Oh... here's a colossal and ludicrous herring. I wonder what colour it is...

Cheers

Jim
Stupidly Busy Letterer: Samples. | Blog
Less-Awesome-Artist: Scribbles.

Modern Panther

Yes. Exactly like that.  All government policy is exactly like a predatory necrophiliac rapist paedophile.  Well done. 

JayzusB.Christ

#8815
I wish we had a healthcare system like the NHS here in Ireland.  Despite that Billy-Roll-faced cunt PM and his chums' best efforts to derail it, for the moment it remains far superior to our shambles of a public healthcare system. My Dad always travels across the border to get his blood circulation prescriptions; unpatriotic perhaps but the only way he can realistically manage it on a pension.

Edit: sorry, sharky, but I can't see the Savile case as anything other than an (admittedly horrific and shameful) anomaly and a strawman.
"Men will never be free until the last king is strangled with the entrails of the last priest"

TordelBack

Quote from: JayzusB.Christ on 31 August, 2015, 10:09:24 PM
I wish we had a healthcare system like the NHS here in Ireland.

Amen to that. As with the BBC, its UK detractors don't realise what they have. Try €60 every time you or your kid visits the GP unless your total household income is below the minimum wage - and that's before you pay for your prescription. What larks.

IndigoPrime

Blimey. I'd always assumed Ireland basically had its own equivalent of the NHS, with much the same levels of 'free' use. I had no idea it was so different. (In Iceland, they had a quite-good equivalent, when I lived there. You did pay for GP visits, but the fee was the equivalent of a fiver. Prescriptions were paid for, but subsidised. Interestingly, they weren't fixed-fee, though. I recall some decongestants costing about 50p, but antibiotics being about 20 quid—and that was over ten years ago.)

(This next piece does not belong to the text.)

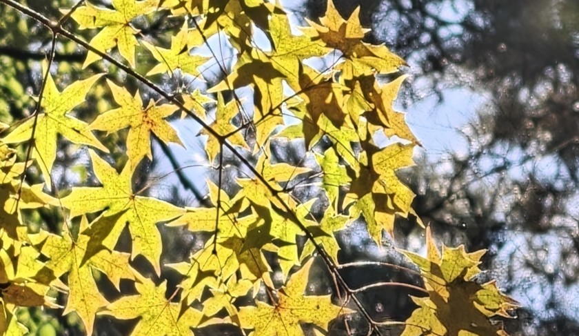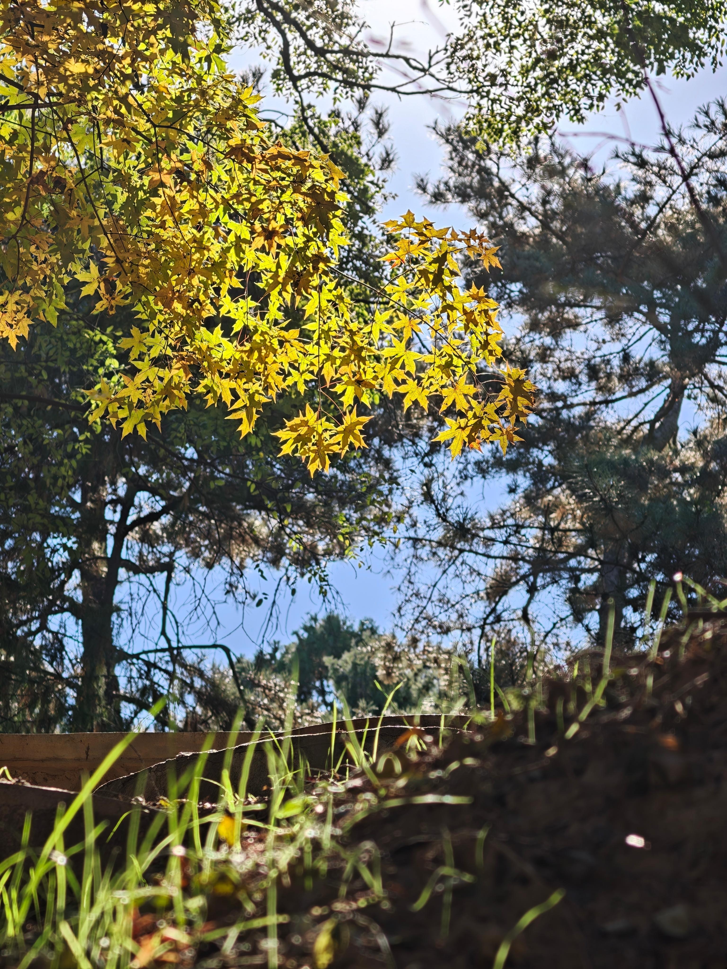 OPPO的虚化算法真心有点东西啊,这张照片拍摄于北京西郊山里,阳光洒在画面主题的黄叶上,我用低机位,构图中以下方草地为前景,这是光学虚化,中景主体是那颗黄叶树,远景是两颗针叶树。其实远景和中景离得比较近,靠手机光圈不可能带来这么大的光学虚化效果,但拍出来的效果,远景针叶树冠和中景之间形成了很好的层次感,甚至黄叶交错的间隙都抠出了效果,必须放大到100%观察细节才能分辨出一点点算法“描边”的痕迹。我感觉中景和远景应该是略微有些光学虚化,算法再做了一波加深?oppofindx8ultra手机摄影

As for the NHS, I think like a lot of things over here, it's just something Brits take for granted and will be gutted about when it's gone. See also: the BBC; state schooling; a reasonably robust benefits system; EU membership.

JOE SOAP

Quote from: IndigoPrime on 31 August, 2015, 10:28:33 PM
Blimey. I'd always assumed Ireland basically had its own equivalent of the NHS, with much the same levels of 'free' use. I had no idea it was so different.


Effectively we have the equivalent of a 'socialised' (as the Yanks call it) health-system - but it's a chimera: Irish healthcare is somewhere in-between the privatised healthcare of America and the universal state healthcare of UK and Scandinavia. There is public health to cover some basics and private insurance for the better quality treatment.

Professor Bear

Christ, I can't believe I didn't know that - I suppose I have been very lucky to never have come a cropper while in the South.
Also WHY DO YOU PUT UP WITH IT?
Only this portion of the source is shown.